The result shows each student’s learning preference compared to their classmates’.

Finding Niches

Which groups of students in that chart have similar learning preferences? How do we find those groups? How big should the groups be?

Time for another algorithm: k-means clustering. This algorithm is used to find the k best clusters for a set of points. For example, if k=3, it would group all the data into 3 clusters.

Since k is not chosen automatically, we need to find a good value for it_._ There are a few different approaches to consider. We’ll use the elbow method: look at a graph of k vs efficiency, and identify where the line bends (like an elbow). It’s at k=5.

Great! Let’s see the clusters. We can do that with 2 lines of R code:

survey.kmeans <- kmeans(x=survey.mds, centers=5)
qplot(data=survey.mds.df, aes(x=V1, y=V2, color=factor(survey.kmeans$cluster)))

We can see there are 5 groups. They are 3, 6, 8, 8, and 12 people in size, and cover ~80% of the variation in learning preferences between students. That’s pretty good. If this data wasn’t anonymous, a teacher could use it to group students together with similar interests. Success!

Resources and Next Steps

This may seem intimidating for IT professionals or developers. It isn’t. There are fantastic resources available. You just need data, a computer, time, and curiosity.

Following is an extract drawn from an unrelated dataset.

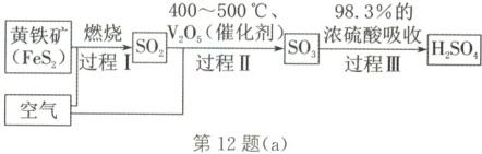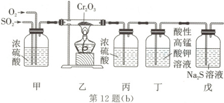 $12.(1)-1 4FeS₂ + 11O₂\stackrel{点燃}{=\!=\!=}2Fe₂O₃ + 8SO₂ (2)①$干燥气体、混合气体、通过观察气泡调节气体混合比例 ②吸收SO₃ ③5SO₂ + 2MnO₄⁻ + 2H₂O=\!=\!=5SO₄²⁻ + 2Mn²⁺ + 4H⁺ 解析:

I have progressed this far using only:

• A laptop
• Software - RStudio
• Software - a web browser, StackOverflow and Wikipedia
• A Coursera class on R
• Book - Machine Learning for Hackers
• Book - Data Analysis Using Open-Source Tools
• Book - ggplot2 (for creating R graphics)
• Data - whatever I can find.
• 4-15 hours a week for the last 2 months.

What’s next? More data. More algorithms. More questions. More learning.

Published 18 June 2012